#### Data records
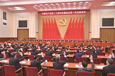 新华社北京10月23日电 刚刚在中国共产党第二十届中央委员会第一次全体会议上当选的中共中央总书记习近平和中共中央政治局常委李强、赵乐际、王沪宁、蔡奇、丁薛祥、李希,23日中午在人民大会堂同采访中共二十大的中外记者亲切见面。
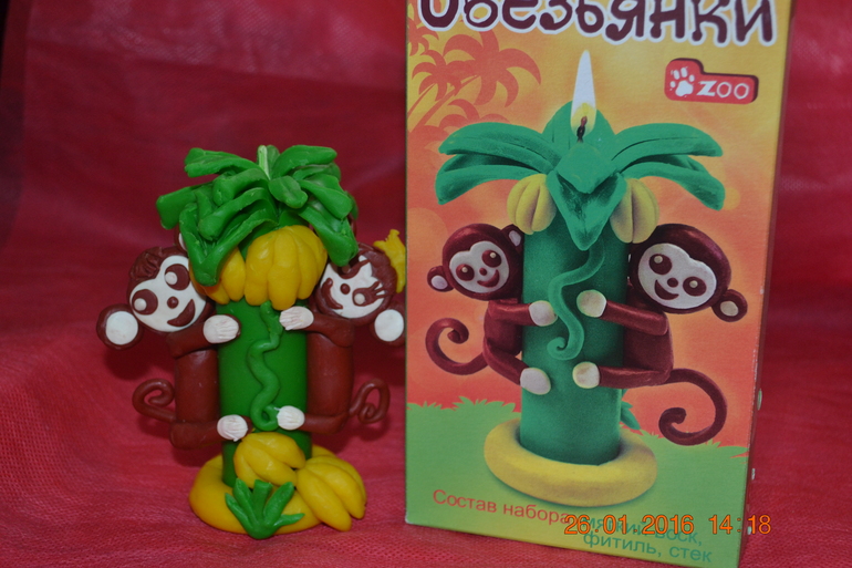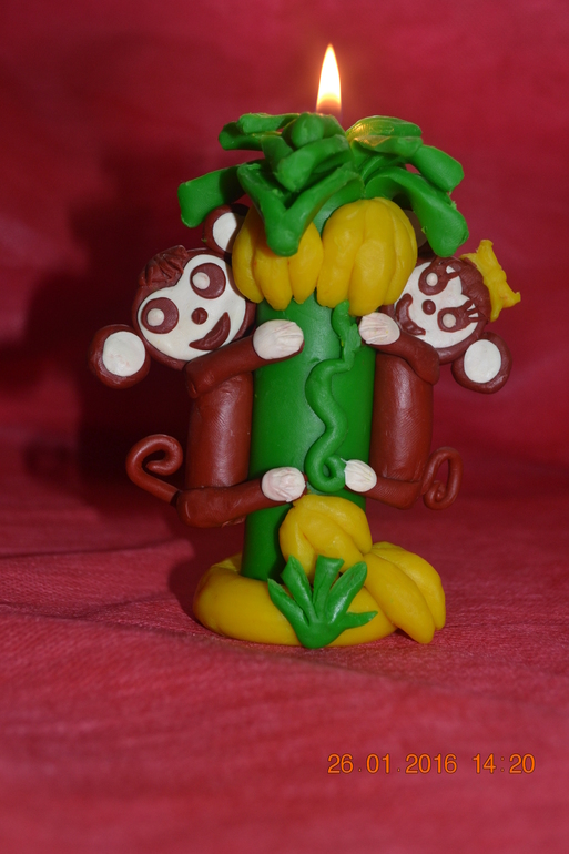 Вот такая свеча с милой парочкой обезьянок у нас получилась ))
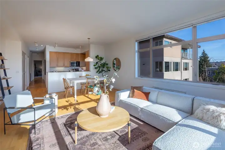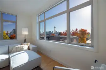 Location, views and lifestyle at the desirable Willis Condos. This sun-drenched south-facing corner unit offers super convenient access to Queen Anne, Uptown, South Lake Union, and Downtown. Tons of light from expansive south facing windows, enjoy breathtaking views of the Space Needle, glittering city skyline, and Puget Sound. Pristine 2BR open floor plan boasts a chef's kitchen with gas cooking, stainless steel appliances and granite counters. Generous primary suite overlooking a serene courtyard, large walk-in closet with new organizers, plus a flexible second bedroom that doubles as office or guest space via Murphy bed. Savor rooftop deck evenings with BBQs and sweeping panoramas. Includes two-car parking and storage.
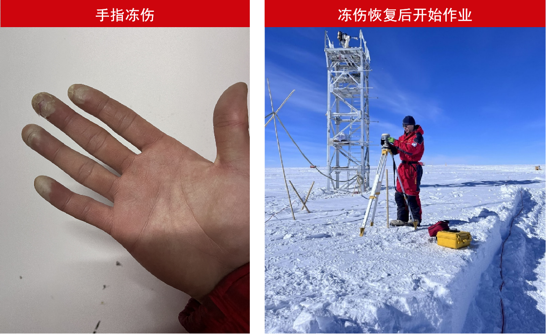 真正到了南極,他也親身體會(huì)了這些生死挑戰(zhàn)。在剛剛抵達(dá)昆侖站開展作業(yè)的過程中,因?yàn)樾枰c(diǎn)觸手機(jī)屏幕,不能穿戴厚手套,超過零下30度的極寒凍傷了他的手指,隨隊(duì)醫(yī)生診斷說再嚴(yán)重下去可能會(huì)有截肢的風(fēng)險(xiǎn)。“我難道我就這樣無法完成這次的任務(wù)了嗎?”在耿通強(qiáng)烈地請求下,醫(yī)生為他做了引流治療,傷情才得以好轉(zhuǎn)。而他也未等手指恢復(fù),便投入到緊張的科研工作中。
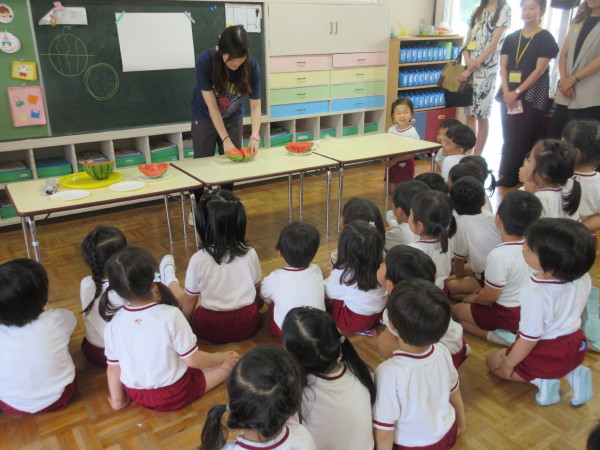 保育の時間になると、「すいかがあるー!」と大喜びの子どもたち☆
########
#### Data records
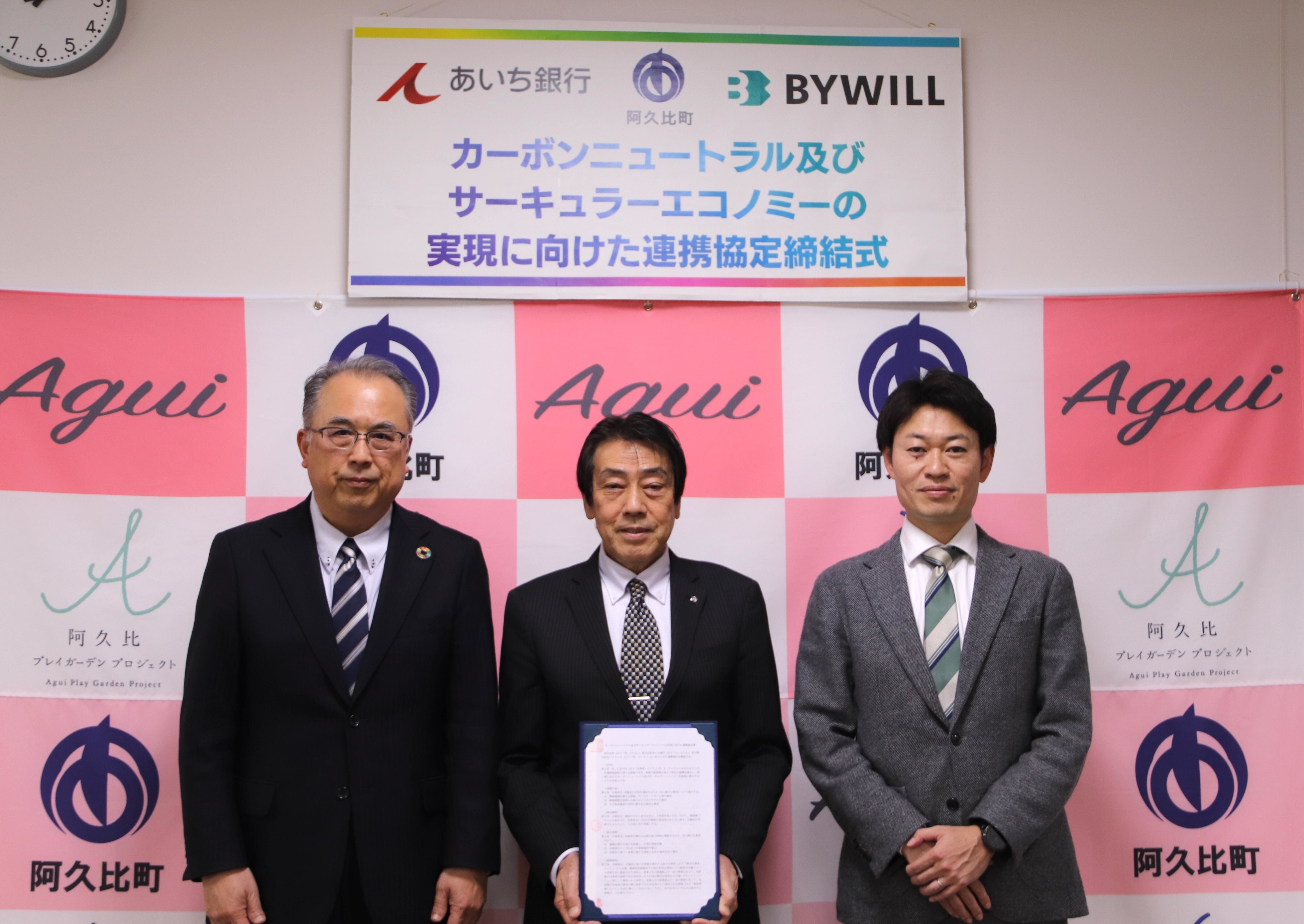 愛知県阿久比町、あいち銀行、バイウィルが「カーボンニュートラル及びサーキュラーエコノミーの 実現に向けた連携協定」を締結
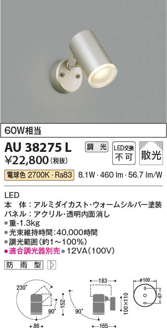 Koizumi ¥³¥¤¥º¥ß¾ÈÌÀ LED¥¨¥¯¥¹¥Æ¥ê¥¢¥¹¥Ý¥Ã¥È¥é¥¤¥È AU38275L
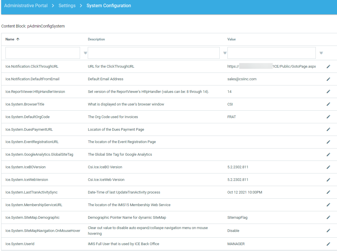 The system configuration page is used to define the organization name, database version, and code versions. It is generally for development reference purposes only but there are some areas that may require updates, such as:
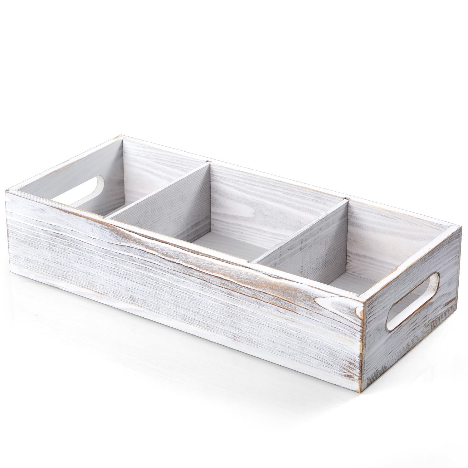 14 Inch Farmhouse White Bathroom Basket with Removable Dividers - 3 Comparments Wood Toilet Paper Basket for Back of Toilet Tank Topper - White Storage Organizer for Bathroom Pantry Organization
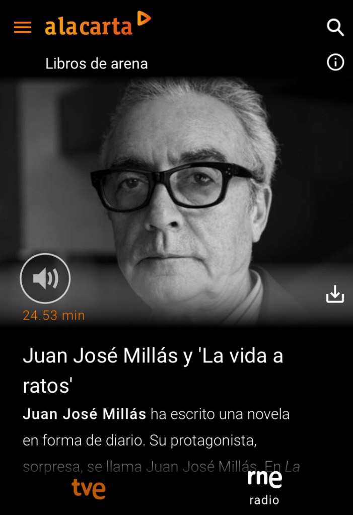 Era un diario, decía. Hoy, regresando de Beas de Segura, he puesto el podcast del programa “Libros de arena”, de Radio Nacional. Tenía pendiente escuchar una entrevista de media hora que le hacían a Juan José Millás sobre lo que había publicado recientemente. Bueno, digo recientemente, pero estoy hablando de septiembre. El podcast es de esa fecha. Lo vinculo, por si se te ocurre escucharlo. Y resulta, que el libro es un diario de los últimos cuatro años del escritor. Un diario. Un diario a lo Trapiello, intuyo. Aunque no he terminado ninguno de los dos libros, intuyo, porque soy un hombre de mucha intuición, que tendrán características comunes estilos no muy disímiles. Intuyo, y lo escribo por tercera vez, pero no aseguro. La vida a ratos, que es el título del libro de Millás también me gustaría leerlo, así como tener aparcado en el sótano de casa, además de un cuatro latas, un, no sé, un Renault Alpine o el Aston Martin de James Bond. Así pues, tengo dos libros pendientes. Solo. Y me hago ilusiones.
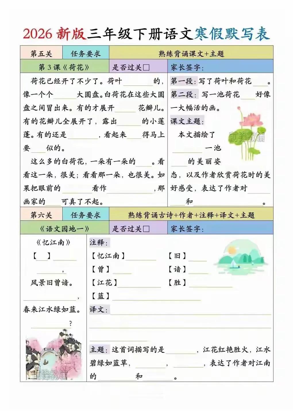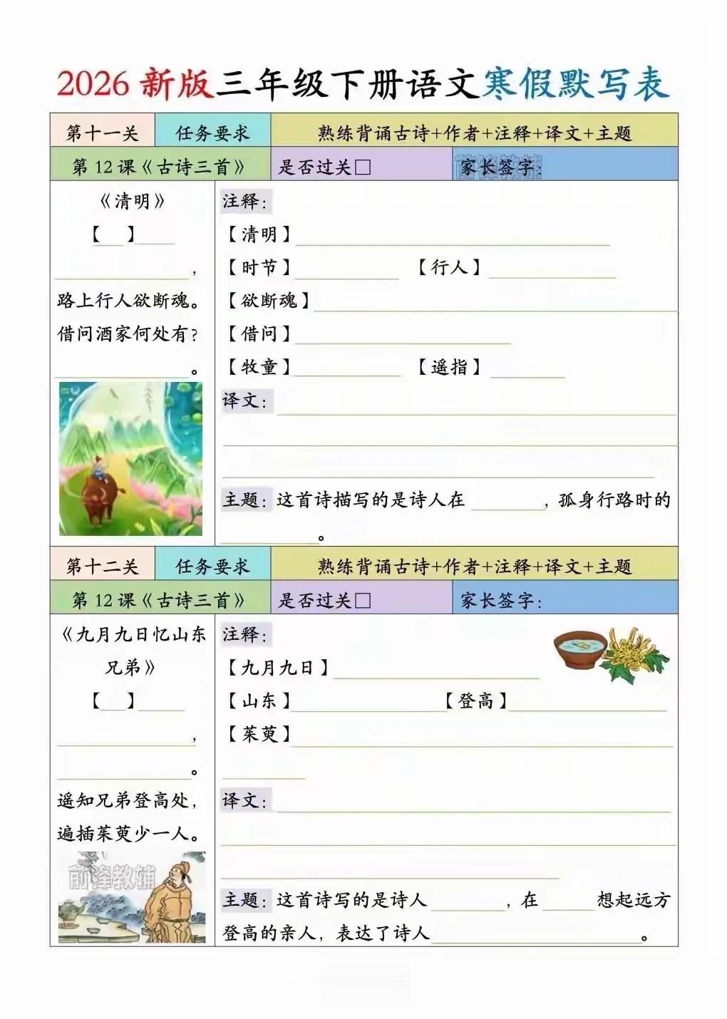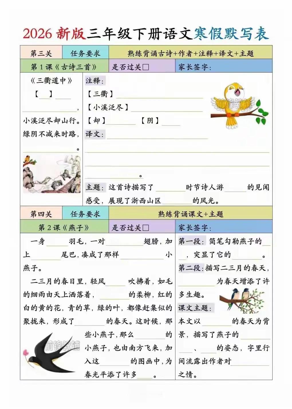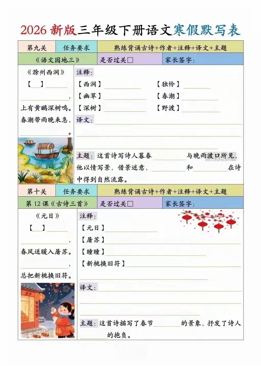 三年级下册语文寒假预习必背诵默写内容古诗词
########
#### Data records
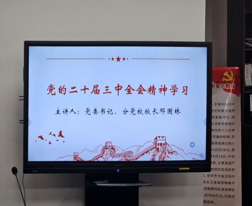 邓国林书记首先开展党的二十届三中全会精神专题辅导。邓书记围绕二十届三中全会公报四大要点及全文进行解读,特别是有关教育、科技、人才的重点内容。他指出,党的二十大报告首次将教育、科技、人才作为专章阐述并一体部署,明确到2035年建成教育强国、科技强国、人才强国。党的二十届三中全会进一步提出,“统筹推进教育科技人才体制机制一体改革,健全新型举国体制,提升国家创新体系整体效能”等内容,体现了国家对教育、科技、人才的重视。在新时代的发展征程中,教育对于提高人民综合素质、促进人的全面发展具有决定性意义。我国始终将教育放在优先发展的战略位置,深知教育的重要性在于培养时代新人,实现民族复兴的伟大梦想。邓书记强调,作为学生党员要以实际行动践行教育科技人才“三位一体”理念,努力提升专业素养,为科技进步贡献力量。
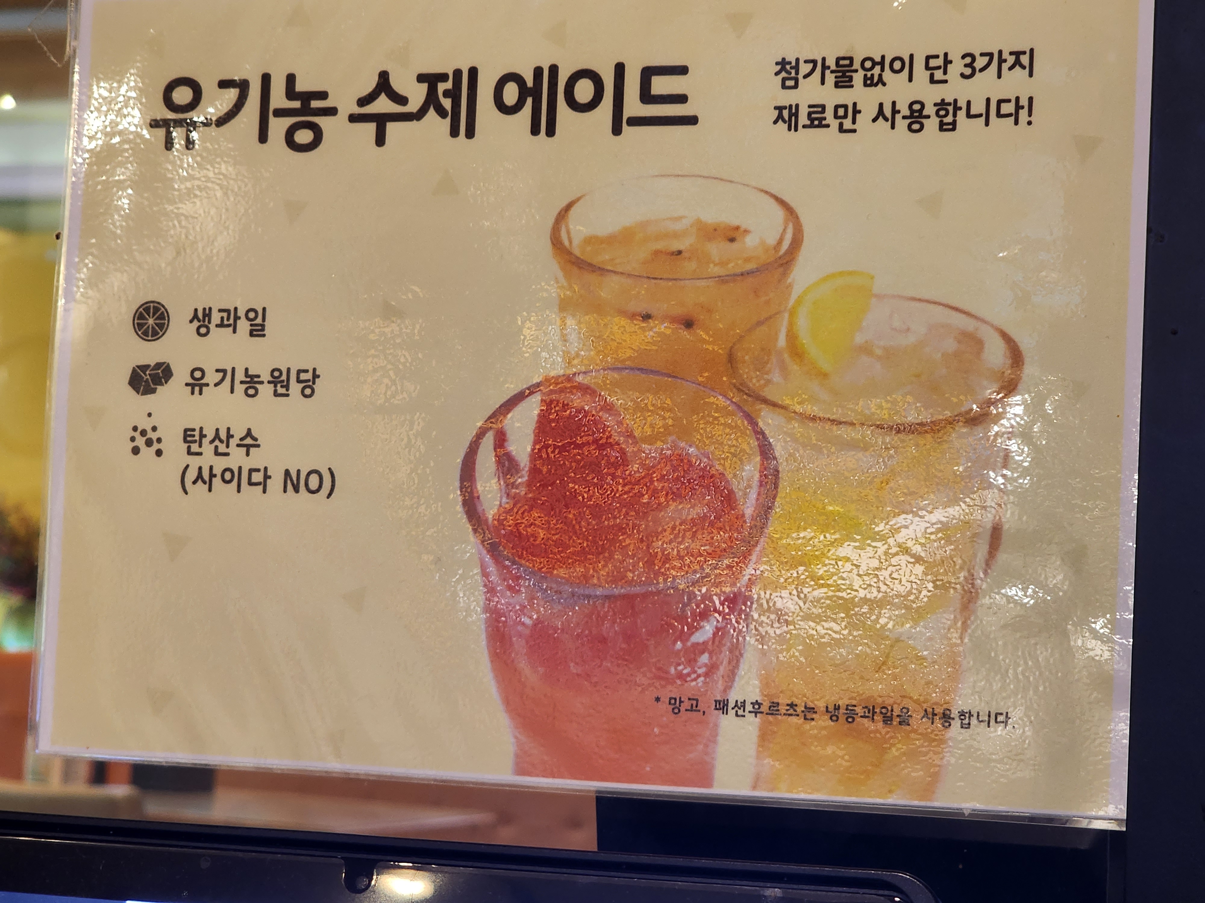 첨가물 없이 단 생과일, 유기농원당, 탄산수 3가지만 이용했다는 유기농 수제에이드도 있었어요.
########
#### Exercise goal:
Where a picture appears in the records above, omit it, and transcribe exactly the stretch of lines from the one with "14 Inch Farmhouse" through the one with "三年级下册语文寒假预习必背诵默写内容古诗词".

#### Written response:
 14 Inch Farmhouse White Bathroom Basket with Removable Dividers - 3 Comparments Wood Toilet Paper Basket for Back of Toilet Tank Topper - White Storage Organizer for Bathroom Pantry Organization
 Era un diario, decía. Hoy, regresando de Beas de Segura, he puesto el podcast del programa “Libros de arena”, de Radio Nacional. Tenía pendiente escuchar una entrevista de media hora que le hacían a Juan José Millás sobre lo que había publicado recientemente. Bueno, digo recientemente, pero estoy hablando de septiembre. El podcast es de esa fecha. Lo vinculo, por si se te ocurre escucharlo. Y resulta, que el libro es un diario de los últimos cuatro años del escritor. Un diario. Un diario a lo Trapiello, intuyo. Aunque no he terminado ninguno de los dos libros, intuyo, porque soy un hombre de mucha intuición, que tendrán características comunes estilos no muy disímiles. Intuyo, y lo escribo por tercera vez, pero no aseguro. La vida a ratos, que es el título del libro de Millás también me gustaría leerlo, así como tener aparcado en el sótano de casa, además de un cuatro latas, un, no sé, un Renault Alpine o el Aston Martin de James Bond. Así pues, tengo dos libros pendientes. Solo. Y me hago ilusiones.
 三年级下册语文寒假预习必背诵默写内容古诗词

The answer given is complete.